L’important : c’est l’oiseau

Lorsque surviennent des intempéries, les médias formatés décrivent complaisamment les inondations, les routes verglacées, les rues enneigées, le petit ou grand froid, les sécheresses persistantes, le vent dévastateur, sans jamais mentionner les effets de ces calamités sur la faune.
Un lotissement immergé, des automobilistes en difficulté, des gamins jouant dans la neige, des viticulteurs sinistrés feront l’objet d’interminables reportages parfaitement interchangeables.
Mais l’incidence du froid, de l’enneigement, du gel des plans d’eau sur l’avifaune n’atteint jamais l’esprit étriqué des informateurs radotant.
Les médias demeurent sinistrement anthropocentriques et nullement biocentriques.
Nulle campagne d’incitation à nourrir les oiseaux en hiver. Ceux qui le font constatent un fait inquiétant. En alimentant forces mangeoires, comme je m’y adonne depuis suffisamment d’années, on mesure la raréfaction de la nature ordinaire, celle de nos parcs et jardins et,plus encore, celle des campagnes empoisonnées par l’agrochimie.
L’humain se mue en animal dénaturé, arraché de sa condition d’être vivant, il habite dans des espaces artificialisés, des univers de béton, d’acier et de verre, dépourvu de toutes formes de vies.
Qu’est-ce qui est le plus préoccupant dans l’univers urbain ?
La pollution ? La violence ? La ségrégation ethnique ?
Sans doute.
Mais ce qui frappe un observateur éveillé, non conditionné au nombrilisme spéciste, c’est la disparition du vivant.
Ce qui signe l’échec de notre civilisation, pas moins, tient à la disparition, dans les villes hostiles à la vie, des moineaux domestiques qui cohabitèrent avec les hommes durant des siècles.
Les villes deviennent des déserts d’avifaune et vous rencontrerez des hommes « nuisibles » pour ânonner que les pigeons, les moineaux et autres compagnons ailés souillent, propagent des maladies.
L’idiotie et les préjugés totalement infondés ne sont pas propagés par les oiseaux !
Pour les obscurantistes, les oiseaux ne servent à rien, les renards envahissent les périphéries des métropoles, les sangliers prolifèrent, les loups persécutent les bergers et l’homme peut aseptiser la terre pour satisfaire ses pulsions de domination, son culte du profit maximisé, pour répondre à ses besoins de violences traditionnelles.
Toutes ces idées reçues, propagées à dessein par les lobbies contre nature, sont fausses.
En marge des médias formatés, sachons que l’important, c’est l’oiseau et qu’il faut, en présence d’une innovation technologique, d’un phénomène climatique, d’un mode de production ou d’un loisir, s’interroger sur leurs conséquences pour les autres formes de vies avec lesquelles nous partageons la terre.

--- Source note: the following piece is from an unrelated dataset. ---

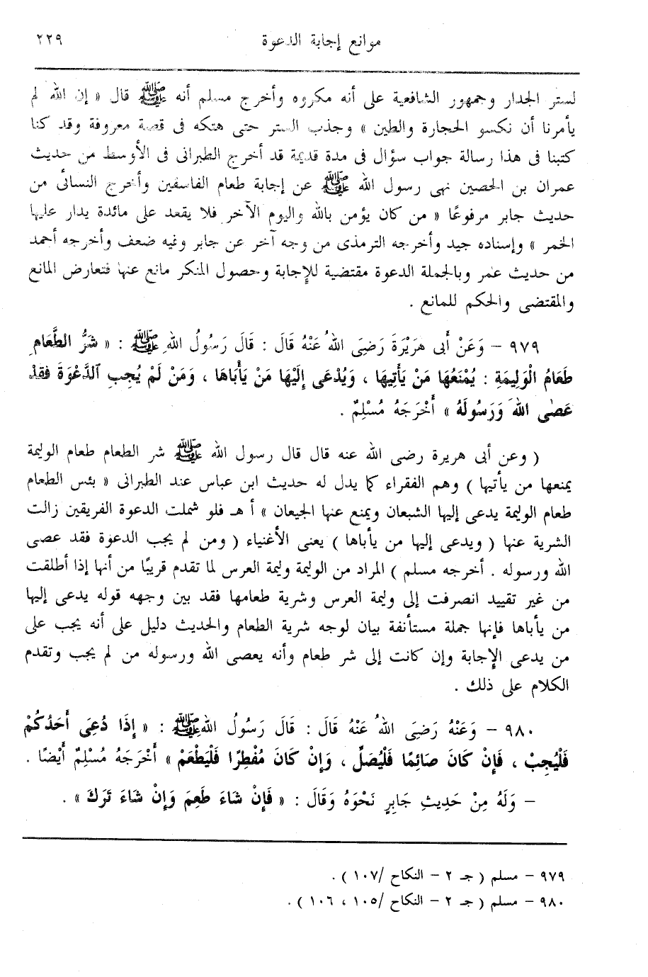 (979) وَعَنْ أَبِي هُرَيْرَةَ - رَضِيَ اللَّهُ عَنْهُ - قَالَ: قَالَ رَسُولُ اللَّهِ - صَلَّى اللَّهُ عَلَيْهِ وَسَلَّمَ -: «شَرُّ الطَّعَامِ طَعَامُ الْوَلِيمَةِ: يُمْنَعُهَا مَنْ يَأْتِيهَا، وَيُدْعَى إلَيْهَا مَنْ يَأْبَاهَا، وَمَنْ لَمْ يُجِبْ الدَّعْوَةَ فَقَدْ عَصَى اللَّهَ وَرَسُولَهُ» وَأَخْرَجَهُ مُسْلِمٌ (وَعَنْ أَبِي هُرَيْرَةَ - رَضِيَ اللَّهُ عَنْهُ - قَالَ: قَالَ رَسُولُ اللَّهِ - صَلَّى اللَّهُ عَلَيْهِ وَسَلَّمَ - «شَرُّ الطَّعَامِ طَعَامُ الْوَلِيمَةِ يُمْنَعُهَا مَنْ يَأْتِيهَا»

L’humain est criminel d’électrocuter les grands oiseaux, de piéger les passereaux cavernicoles dans les poteaux métalliques creux du téléphone, de tracer des routes en bordure de marais, de disperser des biocides dans ses cultures, de transformer les forêts en usines à bois et les montagnes en parcs à moutons, d’exploiter et de croître au détriment des autres espèces.
Puis, il y a les sadiques qui « aiment jeter du plomb dans les arbres qui chantent » (Edmond ROSTAND) et tous ceux qui par paresse morale considèrent que les tueurs participent du décor sociologique et que la chasse, la guerre, la tauromachie sont des fatalités auxquelles il convient de se résigner pour ne pas encourir le risque d’être étiqueté extrémiste .
Une révolution culturelle s’impose : il faut désormais penser à la nature.
Le poète et le scientifique ont raison : l’important, c’est l’oiseau.